WHAT IS EXPECTED :: Excluding pictures, what does the listing below contain from the line with "اعلن خبراء هيئة" up to and including the line with "2025年11月28日,永兴", word for word?

DATA IN THIS EXERCISE ::
* * *

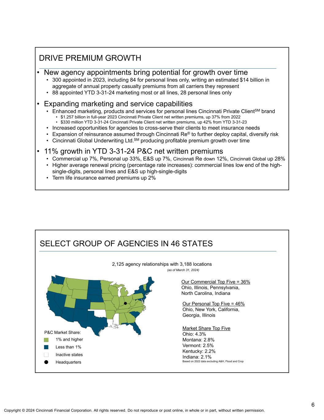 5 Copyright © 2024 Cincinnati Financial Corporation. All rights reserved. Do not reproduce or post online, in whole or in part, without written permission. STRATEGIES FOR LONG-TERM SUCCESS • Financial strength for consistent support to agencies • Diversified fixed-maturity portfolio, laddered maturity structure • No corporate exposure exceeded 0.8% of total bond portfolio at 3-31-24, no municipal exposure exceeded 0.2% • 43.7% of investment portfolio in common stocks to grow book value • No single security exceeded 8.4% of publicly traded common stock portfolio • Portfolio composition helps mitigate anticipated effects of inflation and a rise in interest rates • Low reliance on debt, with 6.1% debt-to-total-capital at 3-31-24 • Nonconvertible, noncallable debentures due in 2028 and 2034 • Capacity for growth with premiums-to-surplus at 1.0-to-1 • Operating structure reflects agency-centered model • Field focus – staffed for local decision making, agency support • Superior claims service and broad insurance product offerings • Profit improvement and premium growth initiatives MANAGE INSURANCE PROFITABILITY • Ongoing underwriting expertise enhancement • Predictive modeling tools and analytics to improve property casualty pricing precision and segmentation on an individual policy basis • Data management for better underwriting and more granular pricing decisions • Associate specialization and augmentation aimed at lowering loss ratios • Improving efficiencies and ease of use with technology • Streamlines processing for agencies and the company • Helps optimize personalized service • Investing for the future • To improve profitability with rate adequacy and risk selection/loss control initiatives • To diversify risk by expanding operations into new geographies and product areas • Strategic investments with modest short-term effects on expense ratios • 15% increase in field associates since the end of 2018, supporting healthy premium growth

* * *

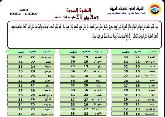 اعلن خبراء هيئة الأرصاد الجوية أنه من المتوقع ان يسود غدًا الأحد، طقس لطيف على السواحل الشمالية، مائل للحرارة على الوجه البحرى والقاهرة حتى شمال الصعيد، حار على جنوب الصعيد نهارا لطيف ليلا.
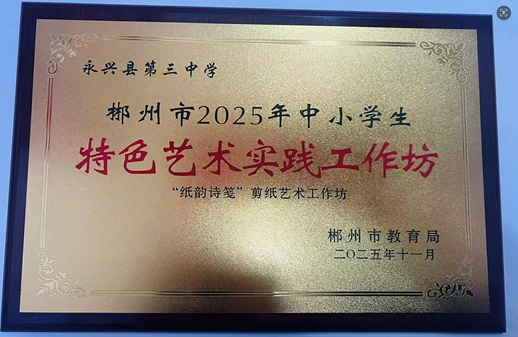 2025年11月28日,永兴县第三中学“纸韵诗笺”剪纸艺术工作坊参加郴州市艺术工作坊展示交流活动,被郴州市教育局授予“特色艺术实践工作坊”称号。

* * *

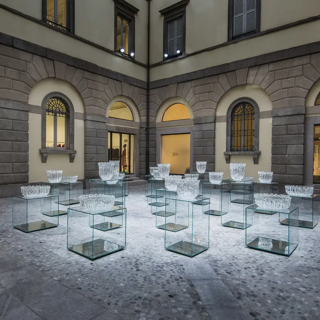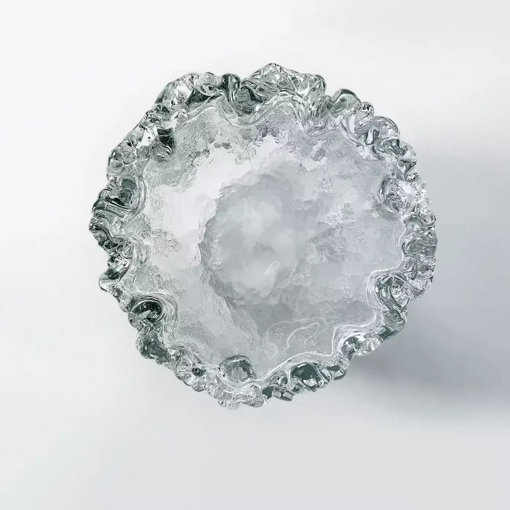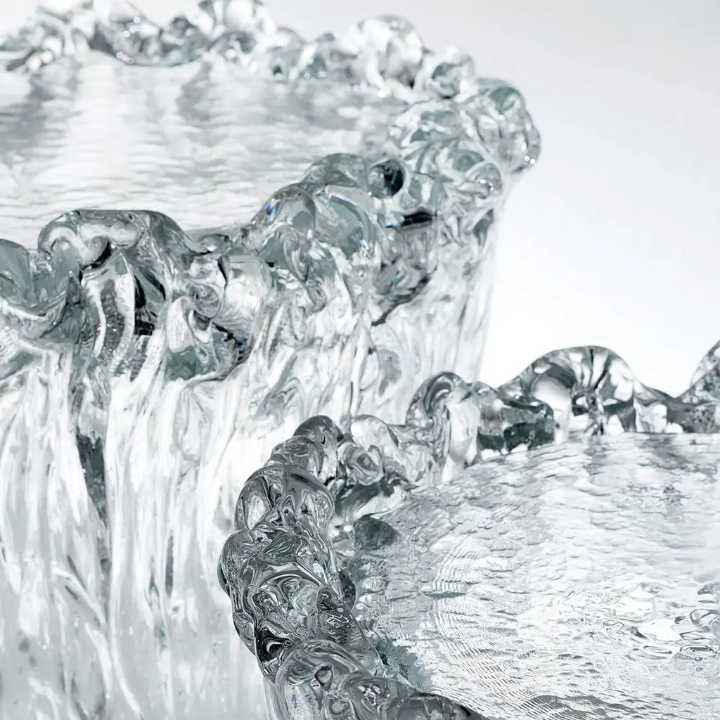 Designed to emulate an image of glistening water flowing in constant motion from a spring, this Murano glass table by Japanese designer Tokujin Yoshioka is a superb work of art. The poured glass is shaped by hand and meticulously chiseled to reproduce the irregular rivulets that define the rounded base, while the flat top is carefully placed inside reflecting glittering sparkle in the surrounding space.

* * *

SOLVED EXERCISE ::
 اعلن خبراء هيئة الأرصاد الجوية أنه من المتوقع ان يسود غدًا الأحد، طقس لطيف على السواحل الشمالية، مائل للحرارة على الوجه البحرى والقاهرة حتى شمال الصعيد، حار على جنوب الصعيد نهارا لطيف ليلا.
 2025年11月28日,永兴县第三中学“纸韵诗笺”剪纸艺术工作坊参加郴州市艺术工作坊展示交流活动,被郴州市教育局授予“特色艺术实践工作坊”称号。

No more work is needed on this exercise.